FreeStyle Libre users were considered to be new incident users only for the first 12 months after their initial index date. Thereafter, they were deemed as prevalent users and not included in further analysis. This study is focused on new incident users of the FreeStyle Libre system within the 12 months following their index date. Individuals were deemed to be naïve to use of a CGM device if they were recorded on the registry as not exposed to CGM prior to their first registration with the FreeStyle Libre system in the NDR. Individuals were deemed to have prior use of CGM if the relevant variable within the NDR regarding CGM experience was selected. All other new incident users were classified as prior use unknown (Supplementary Figure S2). In total, there were 3202 new incident users of FreeStyle Libre with T2DM. Based on the identification and selection criteria, the number of incident new users and prevalent users for FreeStyle Libre with T2DM during the study period is summarized in Table 1.

Table 1.

Numbers of new incident and prevalent users of FreeStyle Libre with T2DM categorized by prior use of continuous glucose monitoring.

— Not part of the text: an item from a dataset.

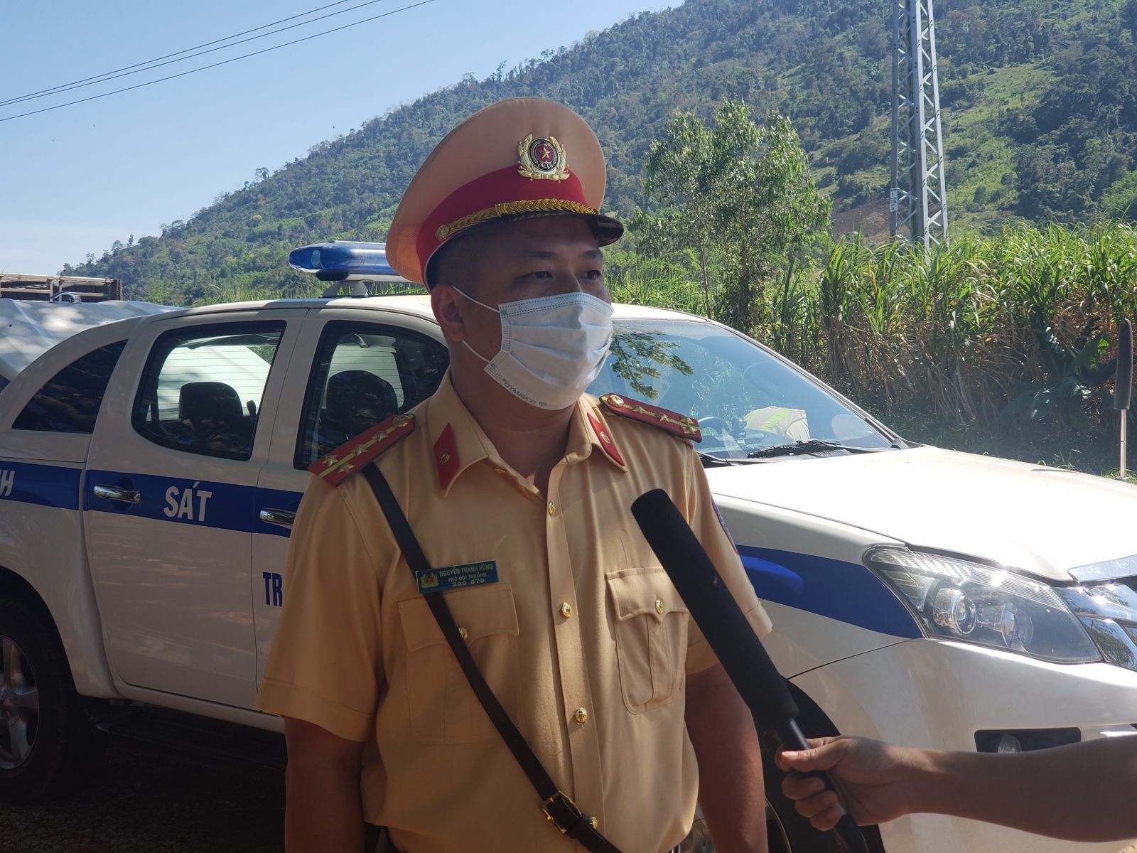 Chia sẻ với phóng viên, Đại uý Nguyễn Thanh Hùng, phó đội trưởng đội CSGT đường bộ số 2 cho biết: “Với nhiệm vụ là tuần tra kiểm soát, xử lý những vi phạm về an toàn giao thông, giảm tải tai nạn giao thông. Những nguyên nhân chủ yếu dẫn tới tai nạn giao thông là quá tốc độ, các xe vận tải là chở quá khổ, quá tải, quá chiều dài. Bên cạnh đó thì chúng tôi cũng nhắc nhở, tuyên truyền người dân, các doanh nghiệp vận tải chấp hành đúng luật, đảm bảo giao thông trên tuyến được an toàn”

Type of new incident FreeStyle libre user^a	2016	2017	2018	2019	Total
Type 2 diabetes
Truly naïve	20	164	320	323	827
New with unknown prior status	387	471	291	1166	2315
New with prior use of CGM	NA	16	28	16	60
Prevalent user, with index date in previous years^b	NA	354	808	1246	NA
Total					3202

Abbreviations: T2DM, Type 2 diabetes mellitus; CGM: continuous glucose monitoring.

^aData from calendar years 2016 and 2019 do not represent whole calendar years, as the date of first inclusion for FreeStyle Libre in the NDR was June 2016 and the reporting cut-off date for this study was June 2019. Thus, the data covers 3 years, with two full calendar years and two half years.

^bPrevalent users are the cumulative number of users with an index date in the previous calendar year and do not indicate new users.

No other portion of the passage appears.